Ada sebuah kasus hukum yang terjadi akhir-akhir ini yang menjerat seorang pejabat negara. Yang bersangkutan seharusnya mengikuti proses hukum yang berlaku, namun pada faktanya dirinya tidak menunjukan sikap kepatuhan tersebut. Bahkan atas kasus hukum yang menimpa dirinya, banyak kejadian-kejadian unik yang akhirnya menggagalkan proses hukum yang seharusnya bisa dilaksanakan lebih cepat. Hingga kini belum terdengar berita apakah pejabat negara yang terlibat kasus hukum tersebut akan mengundurkan diri dari jabatannya sesuai dengan etika politik dan pemerintahan sebagaimana mestinya

Jadi bisa dikatakan bahwa di Indonesia saat ini etika perilaku politik belum sesuai dengan nilai-nilai Pancasila.

Sumber :
https://www.franswinarta.com/news/kurangnya-etika-politik-dalam-kehidupan-berbangsa-dan-bernegara/


B. Etika selalu terkait dengan masalah nilai sehingga perbincangan tentang etika, pada umumnya membicarakan tentang masalah nilai (baik atau buruk). Bagaimanakah etika generasi muda yang ada di sekitar tempat tinggal mu? Apakah mencerminkan etika dan nilai yang dianut oleh bangsa Indonesia? Berikan solusi mengenai adanya dekadensi moral yang saat ini terjadi !

Dapat diamati dari lingkungan saya masih banyak generasi muda yang mengalami krisis etika. Tindak kriminal dan tawuran yang sampai saat ini masih dapat ditemui menunjukkan kurangnya rasa kemanusiaan dan persatuan di kehidupan generasi muda.
Beberapa hal yang bisa dilakukan untuk menangani dekadensi moral, seperti pengawasan dan perhatian orangtua, memberikan pendidikan karakter pada anak sejak dini, penegakkan hukum atas pelaku kejahatan, serta meningkatkan pendidikan moral dan agama.

Sumber :
https://www.websitependidikan.com/2018/06/pengertian-dan-contoh-dekadensi-moral-serta-cara-mengatasinya.html?m=1
Nama : Edelin Livia Monica
NPM : 2211011092

Etika mengarahkan kita ke kehidupan yang baik untuk diwariskan ke generasi berikutnya.
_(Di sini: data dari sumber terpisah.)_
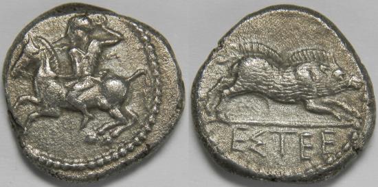 Pamphylia Aspendos AR Drachm circa 420-360 BC Warrior (Mopsos) on horseback left, brandishing spear / Boar standing right. 5.35 grams, 17 mm. About Extremely Fine. Well centered and struck, without the usual countermarks. Exceptional for issue. Very rare. Slightly granular surfaces. SNG France -, BMC 10, SNG von Aulock 4488 (same dies), SNG Copenhagen -. Purchased from Rex Numismatics, Rotterdam. Video: https://youtu.be/ZFspqPREyKk This coin illustrates the founding myth of Aspendos. According to it, the Greek hero Mopsos once came to the region of Aspendos. There were plenty of wild boars because the Eurymedon River that flows through this area had created a marshy landscape at its mouth. Wild boars love swamps in which they can wallow with relish. However, a city founder like Mopsos had to prove that he could keep the pests of agriculture – such as wild boars – at bay before founding a city that depended on the yields from its fields. Wild boars can wipe out months of farmers' labor in a single night. In fact, Mopsos managed to kill a large boar on one of the fast and enduring horses Aspendos was famous for. He sacrificed the killed boar to the patron god of Aspendos, a twin Aphrodite (Aphroditai Kastnietides). As a result of this first sacrifice, pigs were offered to this twin Aphrodite until the demise of the ancient religion. Mopsos did this on a hill above the Eurymedon River, where he then founded the Greek city of Aspendos (from Künker Auction 402, lot 359, which was with same dies, hammered for 5000 EUR). |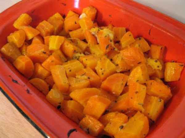 Carottes rôties à l'orange, ail et thym

Nilai-nilai yang terkandung dalam etika Pancasila:
1. Ketuhanan: nilai spiritual, mendekatkan diri kepada Sang Pencipta, taat akan agama yang dianutnya.
2. Kemanusiaan: menjadikan manusia lebih manusiawi.
3. Persatuan: rasa solidaritas, kebersamaan, cinta tanah air.
4. Kerakyatan : menghargai, mau mendengar pendapat oranglain.
5. Keadilan: mau peduli orang lain

Urgensi :
1. Menempatkan Pancasila sebagai sumber moral, penentu sikap dan tindakan kita.
2. Memberi pedoman, orientasi yang jelas dalam pergaulan
3. Menjadi dasar analisis berbagai kebijakan
Nama : Edelin Livia Monica
NPM : 2211011092

Dari jurnal yang berisi tentang hubungan antara etika dan moral, serta hubungan hukum dan etika dalam Politik Hukum di Indonesia, kita ketahui disiplin etik pada mulanya bersumber pada doktrin agama, namun seiring dengan perkembangan masyarakat, dirasa juga perlu untuk adanya batasan baik dan buruk atas perilaku anggotanya. Ketentuan baik dan buruk inilah sebagai acuan dalam mengarahkan perilaku tiap warga.

Dilihat dari bahasanya, etik dan moral menunjukkan cara berbuat yang menjadi adat karena praktik sekelompok manusia. Jadi moral dan moralitas dipakai untuk perbuatan yang sedang dinilai, sedangkan etik dipakai untuk pengkajian sistem nilai-nilai atau kode.

Hubungan antara etika dengan hukum bisa dilihat dari 3 (tiga) dimensi yakni dimensi substansi dan wadah, dimensi hubungan keluasan cakupannya serta dimensi alasan manusia untuk mematuhi atau melanggarnya.